The power of the IT in this scenario is 100%. The caliper test has 98% power. The PSST has 95% power. So, this scenario does not clearly distinguish between the three tests.
80% Selection Bias

Visual inspection of the z-curve plot still suggests publication bias. With 80% selection bias, power of the IT is 98%. The caliper test still has 88% power, but the PSST drops to 30%. Thus, visual inspection of a z-curve plot is often more powerful than the PSST.
Discussion
The results show that the heterogeneity correction in PSST can substantially reduce sensitivity to publication bias. The correction addresses a real problem with the original TES: when true effects vary across studies, TES can mistake genuine heterogeneity for publication bias. However, the present simulations show that the correction may overcompensate. By treating heterogeneity as additional uncertainty, PSST becomes more conservative, but this reduction in Type I error comes at the cost of a large increase in Type II error.
In the present simulations, PSST performed well only when selection bias was extreme. When selection bias was still very large but less extreme, PSST had much lower power than the Incredibility Test and the caliper test. This suggests that PSST may fail to detect publication bias in precisely the kinds of heterogeneous literatures where bias tests are most needed.
This is important because bias tests are often used rhetorically in meta-analyses. If a low-powered bias test fails to reject the null hypothesis, this result can be misinterpreted as evidence that publication bias is absent. When different bias tests produce different results, authors may also describe the evidence as inconsistent or inconclusive, rather than asking which tests have adequate power under realistic conditions. To avoid this problem, publication-bias tests need to be evaluated with standard operating characteristics, especially Type I error rates and power (Renkewitz & Keiner, 2019).
The Incredibility Test has received little attention in these comparisons, even though it has an important advantage for heterogeneous literatures: it estimates expected significance at the study level rather than assuming a common population effect size.
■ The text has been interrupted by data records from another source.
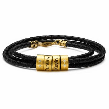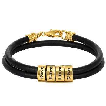 Bracciale da Uomo con Perline Personalizzate in Placcato Oro - Nero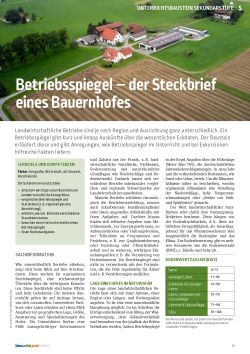 Geografische und wirtschaftliche Faktoren beeinflussen maßgeblich die Entwicklung der Landwirtschaft. Deren Vielfalt und Wandel wird beim konkreten Vergleich einzelner Betriebe deutlich. Der zweite Unterrichtsbaustein für die Sekundarstufe zeigt daher, was sich aus einem „Betriebsspiegel“ alles lernen lässt. Solche Steckbriefe bieten in Kürze die wichtigsten Eckdaten zum Hof, seiner Ausrichtung und seinen Besonderheiten.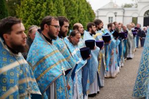 После Литургии состоялся крестный ход вокруг храма со чтением Евангелия и кроплением святой водой. Затем митрополит Иоанн обратился к собравшимся с архипастырским словом: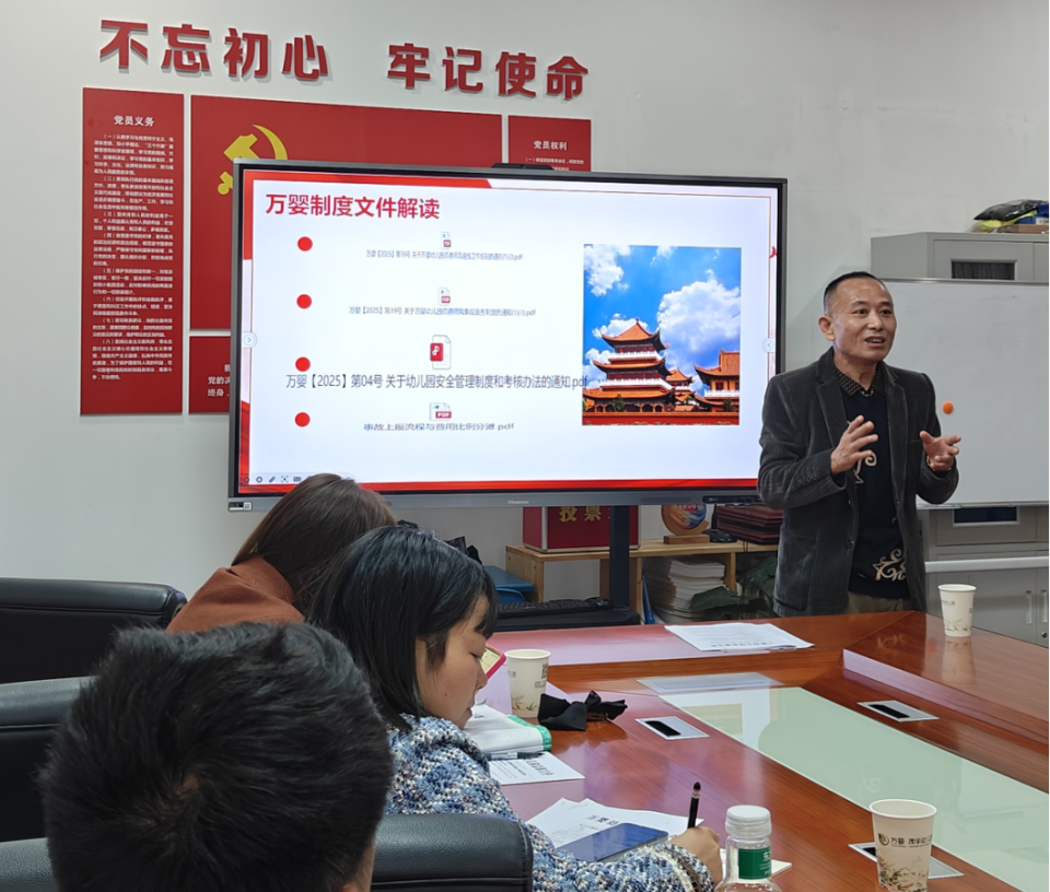 自1998年起,万婴幼儿园将每月25日定为安全教育日,每月20日定为师德师风警示日,全年累计组织开展相关培训教育活动超100次。2025年,幼儿园持续强化师风建设与安全管理:分别于1月、9月,先后出台《师德师风底线工作细则》与《安全事故追责管理制度》,同步公示师德师风监督举报平台,全面接受家长、教职工及社会各界监督,切实筑牢校园安全责任防线;4月、10月分别召开安全工作专题会议,组织各园教学主任、后勤安全主任及相关负责人参会,围绕师德师风建设、安全制度优化、突出问题整改、重点工作部署四大核心议题展开深入研讨,进一步明确工作举措、压实管理责任。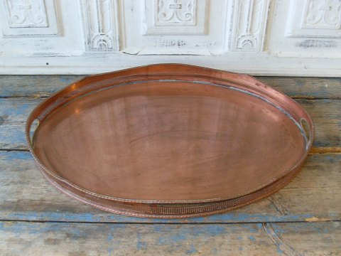 Stor galleribakke i kobber. Har tidligere været forsølvet, men fremstår nu helt afpudset. Fremstår med skøn patina. Mål 41x60cm.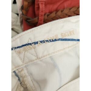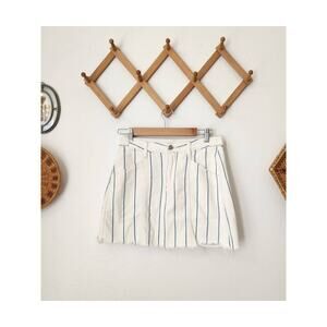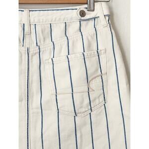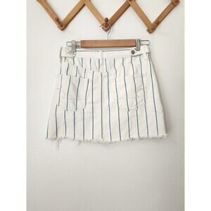 AE cream blue hi rise a line stripe denim skirt raw edge 4 mini

The present simulations are not a complete evaluation of the Incredibility Test, the caliper test, or PSST. However, they show that PSST should not be treated as a generally superior solution to the heterogeneity problem in TES. Its conservatism can come at a substantial cost, making it much less sensitive to publication bias than alternative tests.
In conclusion, PSST fixes one problem of TES by creating another: it reduces false positives under heterogeneity, but it can also make real publication bias difficult to detect.
Meta-Discussion
The results provide clear evidence that the Incredibility Test and the Caliper Test with a 20% caliper are more powerful tests of publication bias than the PSST. The PSST was a new idea to detect publication bias in heterogeneous sets of studies, but not all new ideas are better ideas.
My AI collaborator puts it this way:
“A methods paper that introduces a strictly inferior tool doesn’t advance the field even if the underlying reasoning is sound. It actually does harm: practitioners who adopt PSST will fail to detect real bias and may cite the nonsignificant result as evidence of no bias. That’s worse than having no correction at all, because at least with uncorrected TES the inflated Type I rate occasionally catches real bias.”
My AI advisor also told me to delete the following meta-scientific discussion of publishing articles that do not advance science.
Stanley et al.’s article adds to the 90% of articles that are better forgotten. It also shows the problem of publishing new ideas too quickly. A careful examination of the existing literature may reveal that an older idea is better and move on. This is particularly valuable advice for Ioannidis who has published over 1,300 article. Maybe thinking a bit more and reading others work may lead to real advances that are worthy of publishing. Even with 61 citations so far, this article may not add to Ioannidis’s H-index and lower his quality-adjusted H-Index (Schimmack, 2026). However, until the reward structure of science changes, we will continue to see many articles published that are best ignored. A new role of meta-scientists is to tell busy scientists to pick the 10% of articles that are worthwhile reading.